┌─ Available records

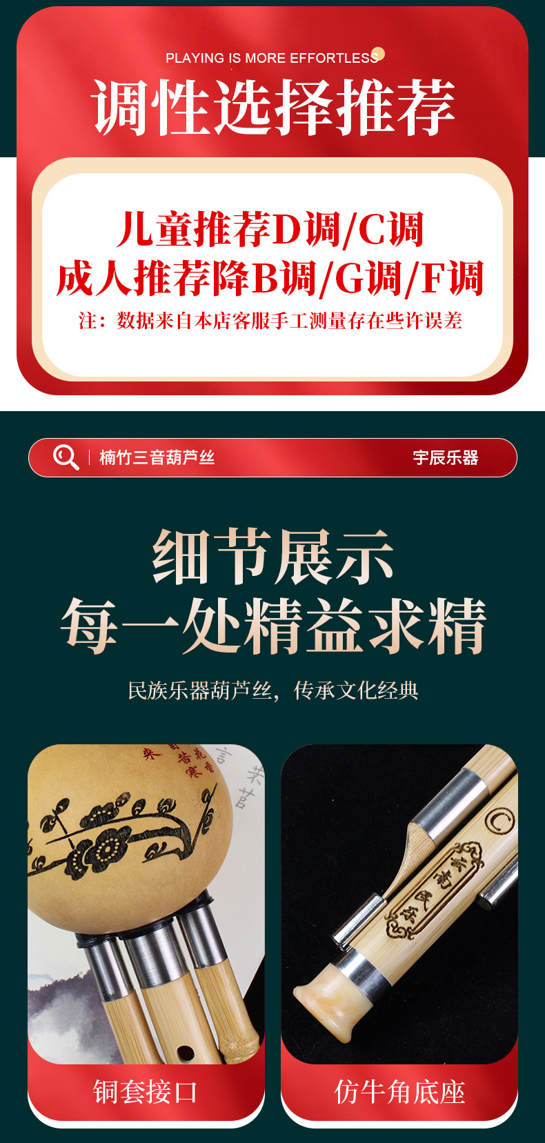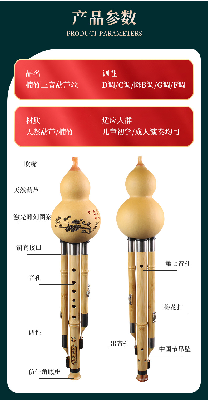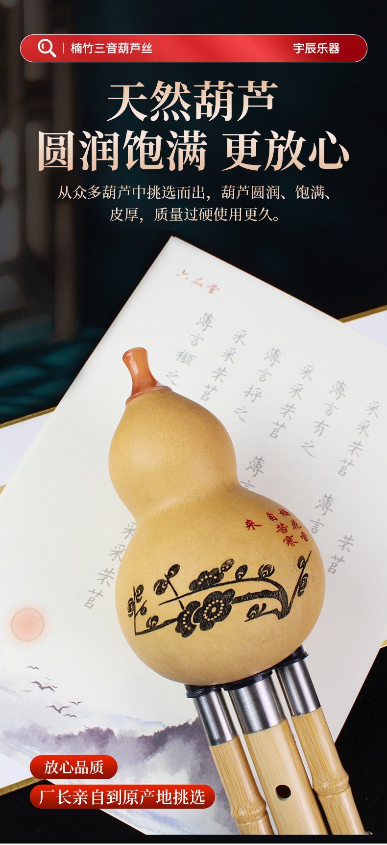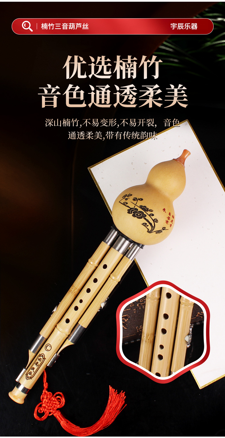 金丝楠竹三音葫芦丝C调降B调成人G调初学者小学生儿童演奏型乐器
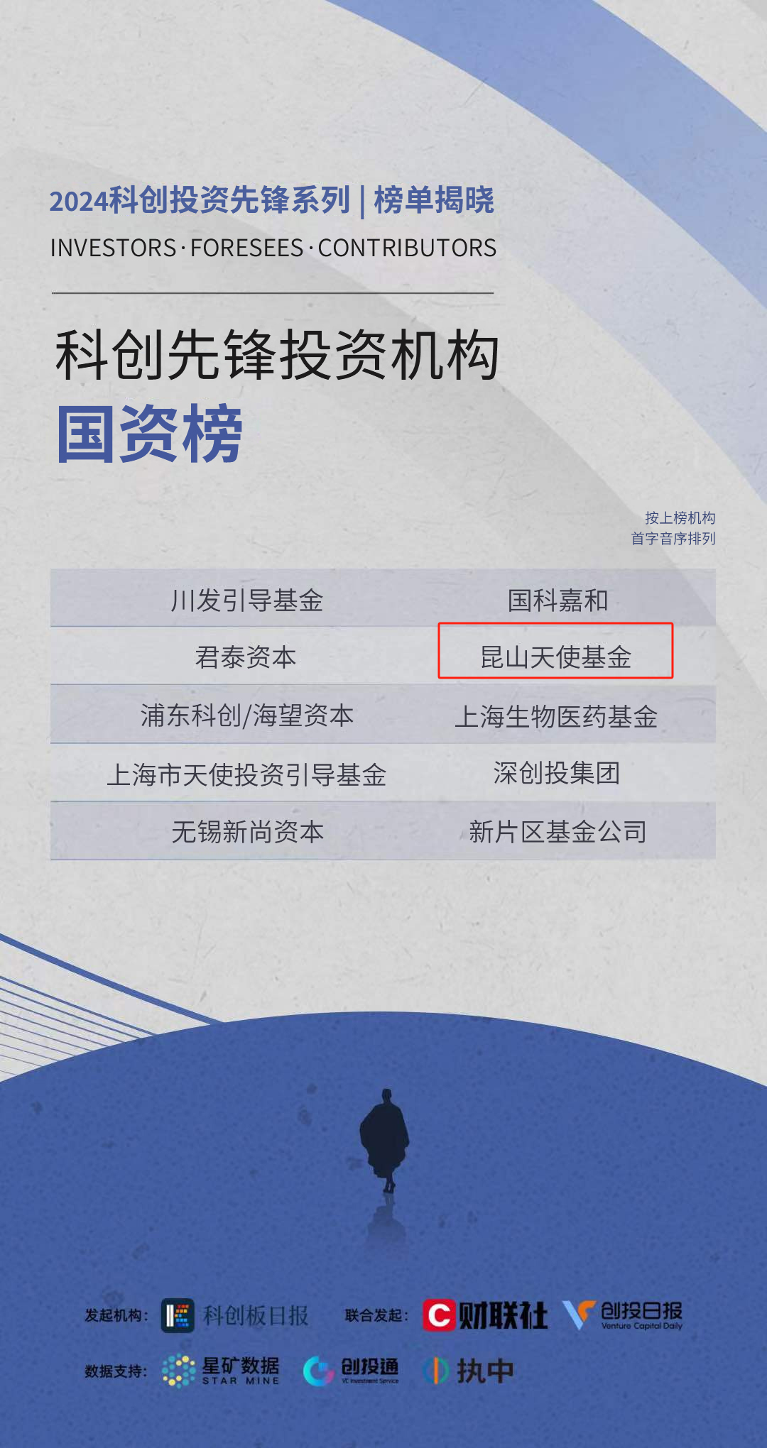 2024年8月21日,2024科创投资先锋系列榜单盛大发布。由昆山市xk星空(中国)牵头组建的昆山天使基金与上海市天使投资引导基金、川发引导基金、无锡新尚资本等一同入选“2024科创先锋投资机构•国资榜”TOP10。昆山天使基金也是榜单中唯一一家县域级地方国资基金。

└─
┌─ Available records

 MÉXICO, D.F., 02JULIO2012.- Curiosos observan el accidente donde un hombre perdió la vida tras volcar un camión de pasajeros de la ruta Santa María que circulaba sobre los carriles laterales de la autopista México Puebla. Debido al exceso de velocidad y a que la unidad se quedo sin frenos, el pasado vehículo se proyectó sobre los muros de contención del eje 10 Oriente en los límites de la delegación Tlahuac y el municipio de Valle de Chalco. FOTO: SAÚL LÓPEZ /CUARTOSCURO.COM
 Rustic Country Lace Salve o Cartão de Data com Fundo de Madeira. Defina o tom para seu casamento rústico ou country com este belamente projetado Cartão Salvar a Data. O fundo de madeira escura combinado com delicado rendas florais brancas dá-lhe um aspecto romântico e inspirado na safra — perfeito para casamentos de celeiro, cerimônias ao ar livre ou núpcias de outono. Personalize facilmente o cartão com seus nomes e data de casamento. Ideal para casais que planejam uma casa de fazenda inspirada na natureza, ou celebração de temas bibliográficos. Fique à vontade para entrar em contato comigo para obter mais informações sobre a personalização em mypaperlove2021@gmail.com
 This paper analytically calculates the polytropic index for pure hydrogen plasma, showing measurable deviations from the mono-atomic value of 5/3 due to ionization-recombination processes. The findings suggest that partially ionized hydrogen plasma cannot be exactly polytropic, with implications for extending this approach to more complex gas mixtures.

└─

Exact repeat of the material above: every line from the one with "金丝楠竹三音葫芦丝C调降B调成人G调初学者小学生儿童演奏型乐器" through the one with "2024年8月21日,202", endpoints included, and nothing more. No pictures.

#### [Output below]
 金丝楠竹三音葫芦丝C调降B调成人G调初学者小学生儿童演奏型乐器
 2024年8月21日,2024科创投资先锋系列榜单盛大发布。由昆山市xk星空(中国)牵头组建的昆山天使基金与上海市天使投资引导基金、川发引导基金、无锡新尚资本等一同入选“2024科创先锋投资机构•国资榜”TOP10。昆山天使基金也是榜单中唯一一家县域级地方国资基金。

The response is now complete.